A Statistical Estimation of the Occurrence of Extraterrestrial Intelligence in the Milky Way Galaxy

TL;DR

This paper uses an empirical galactic simulation model to estimate the spatial-temporal distribution and prevalence of extraterrestrial intelligence in the Milky Way, considering factors like abiogenesis, evolution, and self-annihilation.

Contribution

It introduces a novel simulation approach incorporating overlooked factors to estimate ETI occurrence and identify likely regions and ages of intelligent life in the galaxy.

Findings

ETI most likely exists in a 4 kpc ring around the Galactic center.

Self-annihilation probability significantly impacts ETI prevalence.

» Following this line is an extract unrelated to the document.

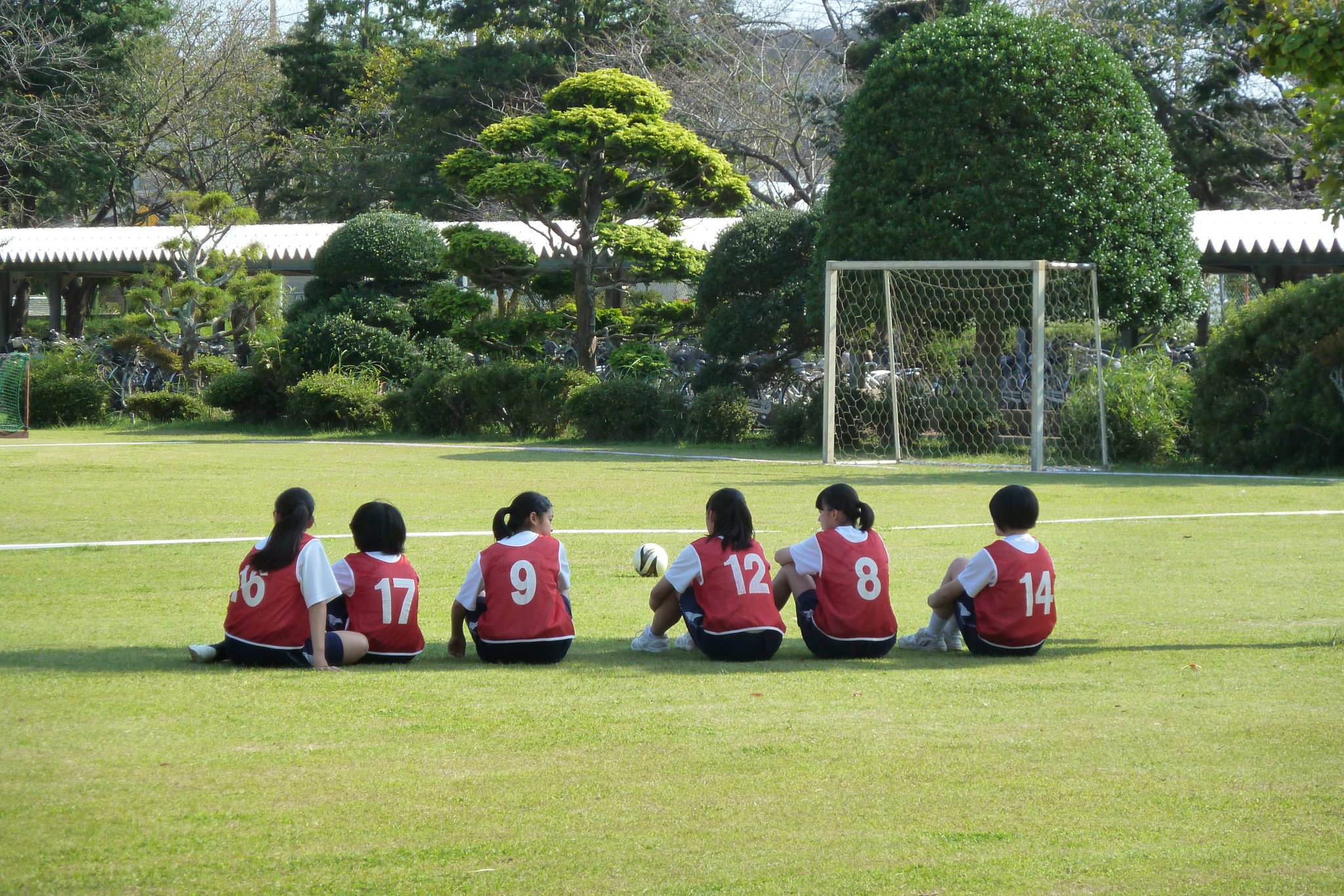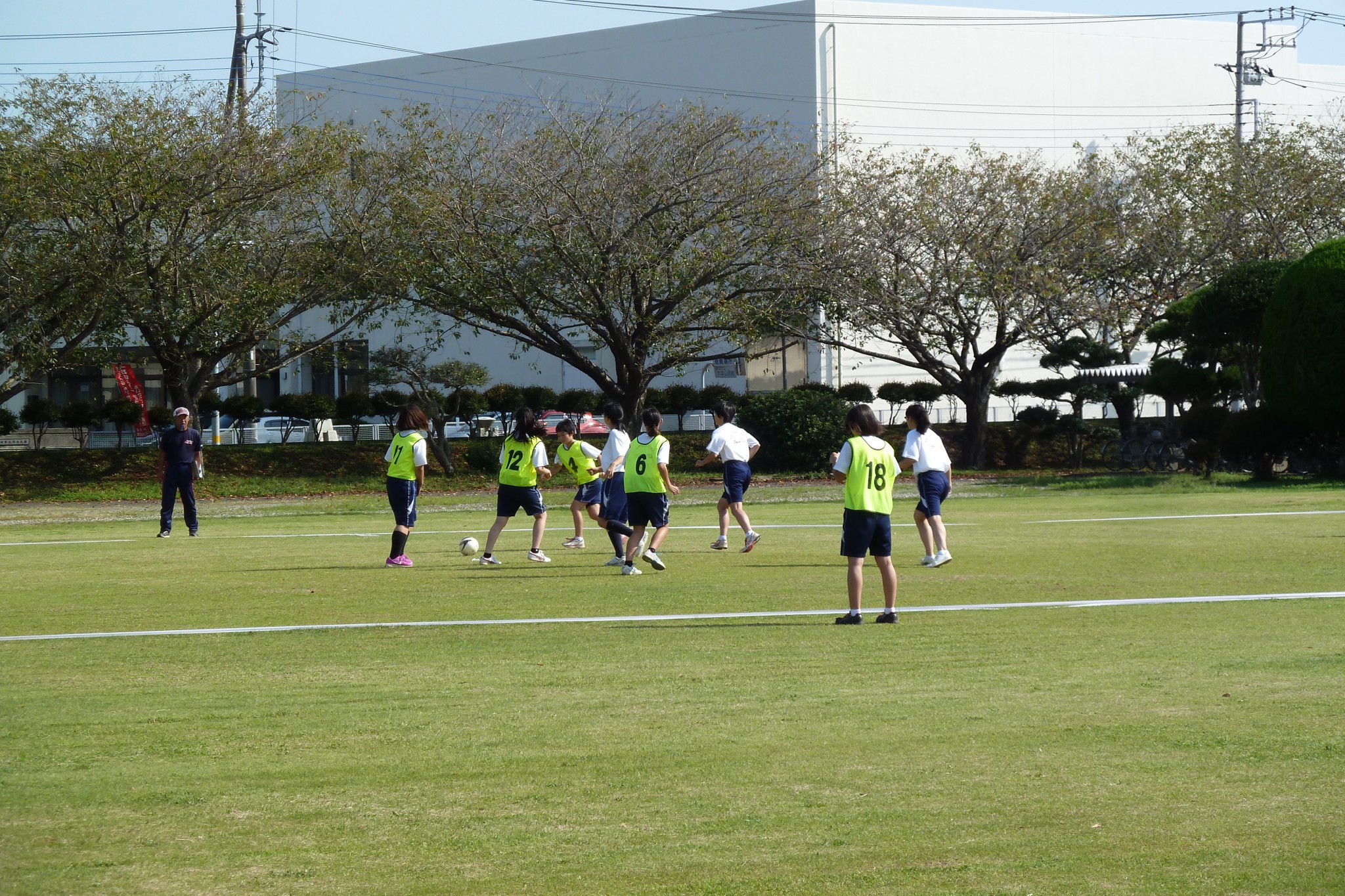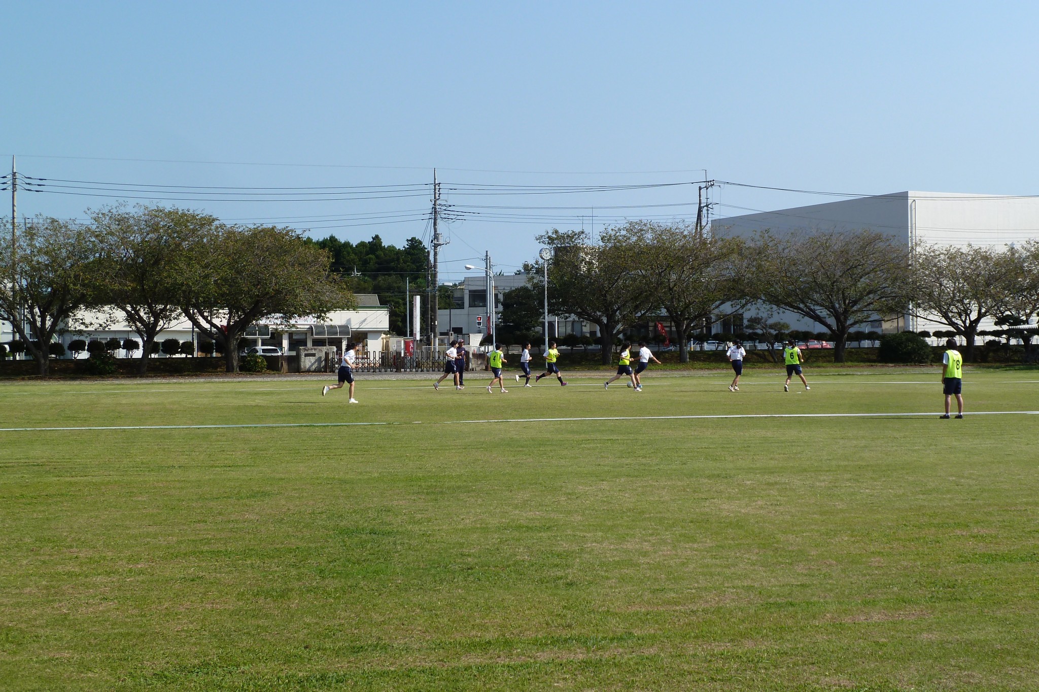 第3学年, その他 9/25 秋空の下芝生でサッカー 2017年9月25日 大洋中学校 秋空の下,校舎前の芝生で3年生女子が体育の授業でサッカーを楽しそうに行っていました。校舎前の芝生も太陽の光を浴びて緑のカーテンの様です。

Most galactic intelligent life is predicted to be young, complicating detection.

Abstract

In the field of Astrobiology, the precise location, prevalence and age of potential extraterrestrial intelligence (ETI) have not been explicitly explored. Here, we address these inquiries using an empirical galactic simulation model to analyze the spatial-temporal variations and the prevalence of potential ETI within the Galaxy. This model estimates the occurrence of ETI, providing guidance on where to look for intelligent life in the Search for ETI (SETI) with a set of criteria, including well-established astrophysical properties of the Milky Way. Further, typically overlooked factors such as the process of abiogenesis, different evolutionary timescales and potential self-annihilation are incorporated to explore the growth propensity of ETI. We examine three major parameters: 1) the likelihood rate of abiogenesis ({\lambda}A); 2) evolutionary timescales (Tevo); and 3) probability of self-annihilation of complex life (Pann). We found Pann to be the most influential parameter determining the quantity and age of galactic intelligent life. Our model simulation also identified a peak location for ETI at an annular region approximately 4 kpc from the Galactic center around 8 billion years (Gyrs), with complex life decreasing temporally and spatially from the peak point, asserting a high likelihood of intelligent life in the galactic inner disk. The simulated age distributions also suggest that most of the intelligent life in our galaxy are young, thus making observation or detection difficult.